_What is required_: Output only the lines of the entries that follow, starting at the one with "子Agent负责干活,并把任务传递给boss和群里。" and running down to the one with "OVIDE. — Les", both included and unchanged.

_Given entries_:
★ ★ ★ ★ ★

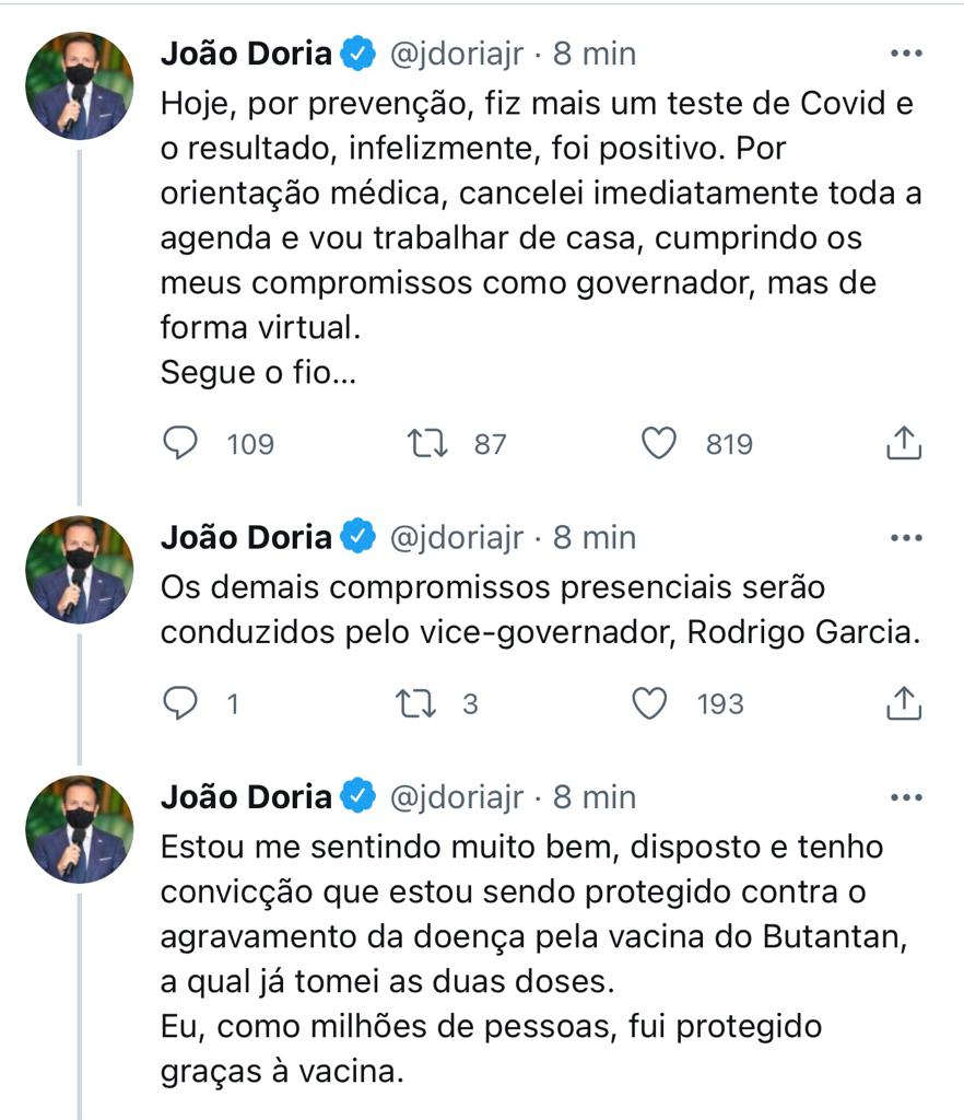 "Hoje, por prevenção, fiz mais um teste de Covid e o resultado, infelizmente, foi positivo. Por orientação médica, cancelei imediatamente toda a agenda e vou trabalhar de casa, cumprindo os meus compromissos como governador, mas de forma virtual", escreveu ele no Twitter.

★ ★ ★ ★ ★

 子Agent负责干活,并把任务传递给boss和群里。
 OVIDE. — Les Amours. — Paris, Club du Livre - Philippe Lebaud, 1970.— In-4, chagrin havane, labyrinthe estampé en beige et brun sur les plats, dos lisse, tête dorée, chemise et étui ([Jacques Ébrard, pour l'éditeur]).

★ ★ ★ ★ ★

_Solution_:
 子Agent负责干活,并把任务传递给boss和群里。
 OVIDE. — Les Amours. — Paris, Club du Livre - Philippe Lebaud, 1970.— In-4, chagrin havane, labyrinthe estampé en beige et brun sur les plats, dos lisse, tête dorée, chemise et étui ([Jacques Ébrard, pour l'éditeur]).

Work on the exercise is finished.